Traditionally, intellectual property rights are broken down into three main areas: patents, trademarks and copyrights. Other areas which warrant mentioning are trade secrets, design rights and the concept of passing off.

A patent is a monopoly right in an invention. Patent law is regulated in various jurisdictions through legislation. A patent must be granted pursuant to the relevant legislation in order to create the monopoly in the invention. Once the patent is granted, the protection remains in force for a statutory period of years, e.g. 20 years in the UK. Most patent legislation requires that a patentable invention: 1) is novel; 2) involves an inventive step; 3) is useful or capable of industrial application; and 4) is an invention or, in the US, non-obvious. Many things are excluded from patentable subject matter due to unsuitability, public policy and morality.

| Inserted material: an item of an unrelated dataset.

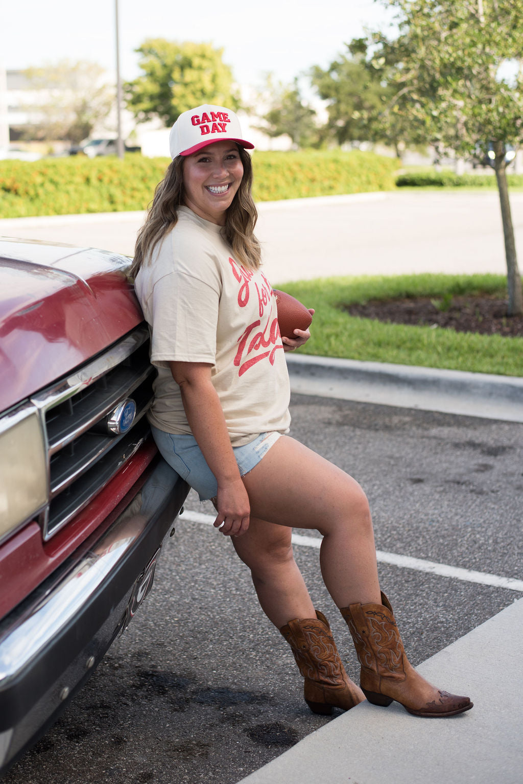 Celebrate football season in style with the GAME DAY Hat! Crafted for fun and flair, this hat is the perfect companion for cheering on your favorite team. Lightweight and comfortable, it keeps you looking cool as you enjoy every play, touchdown, and victory dance. Perfect for game day fun!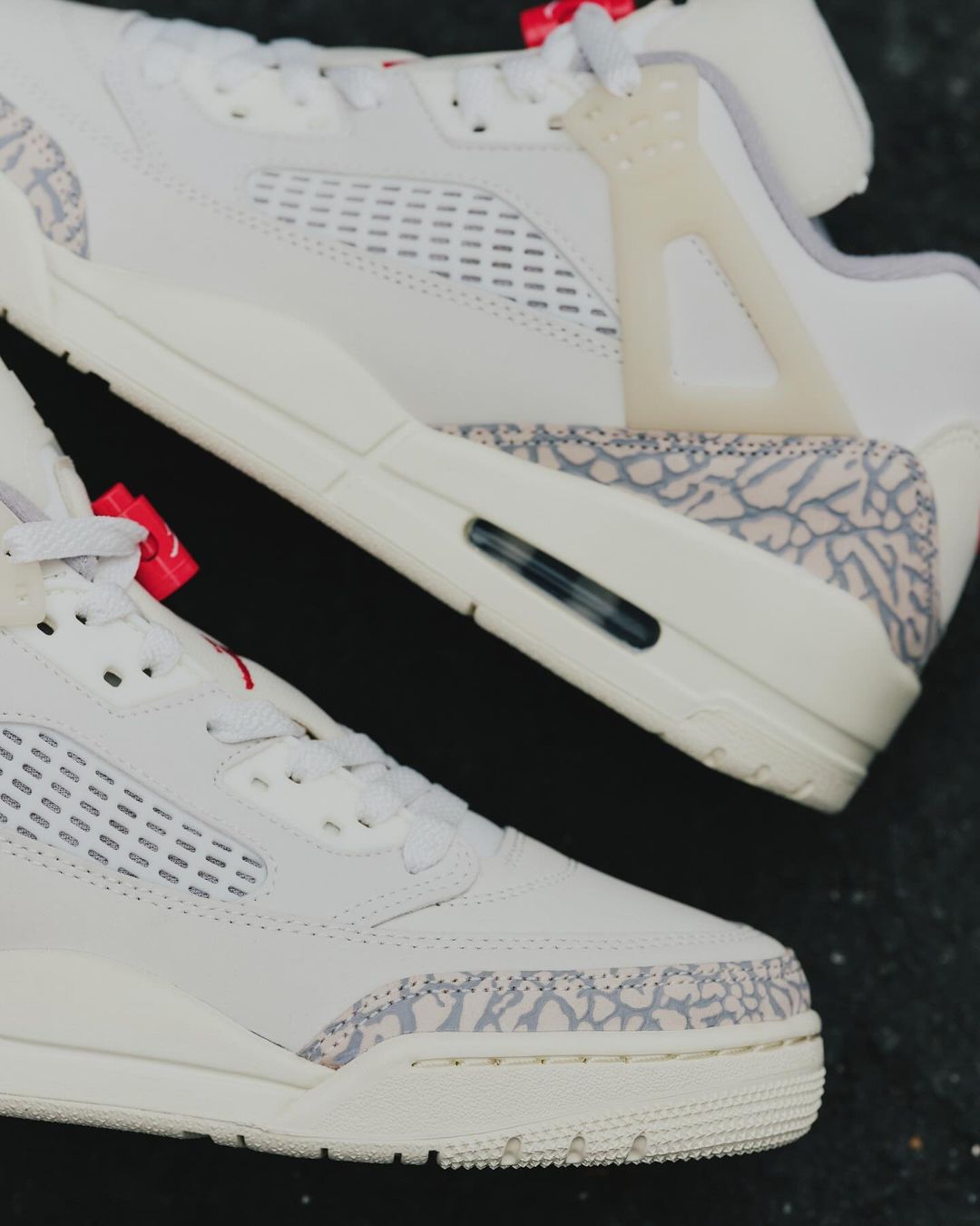 像是 Air Jordan 3 的爆裂纹、Air Jordan 4 的鞋带扣、Air Jordan 5 的网格,集经典设计于一身。

A registered trade mark is similar to a patent in that it provides the holder with an exclusive right to use a 'distinctive' mark in relation to a product or a service. A common aspect of applicable legislation is that the mark must be distinctive. In other words, it must be capable of functioning as an identifier of the origin of the good and thereby avoid confusion, deception or mistake. Deception has been deemed to include. for example, the use by another of a domain name that is substantially similar to the trade mark, so-called cybersquatting.

Copyright is a right subsisting in original literary, dramatic, musical and artistic works and in sound recordings, films, broadcasts and cable programmes, as well as the typography of published editions. Copyright holders possess economic rights associated with their works, including the essential right to prohibit unauthorised use of the works. The most common requirements for copyright protection are that the work must be in material form (I.e. not just an idea) and it must be original in the sense that the work 'originates' from the relevant author. Copyright only provides a partial monopoly in a work, as various rules provide exceptions by which a work may be copied without infringing on the rights of the author. A good example of such an exception is the right of fair use recognised in the United States.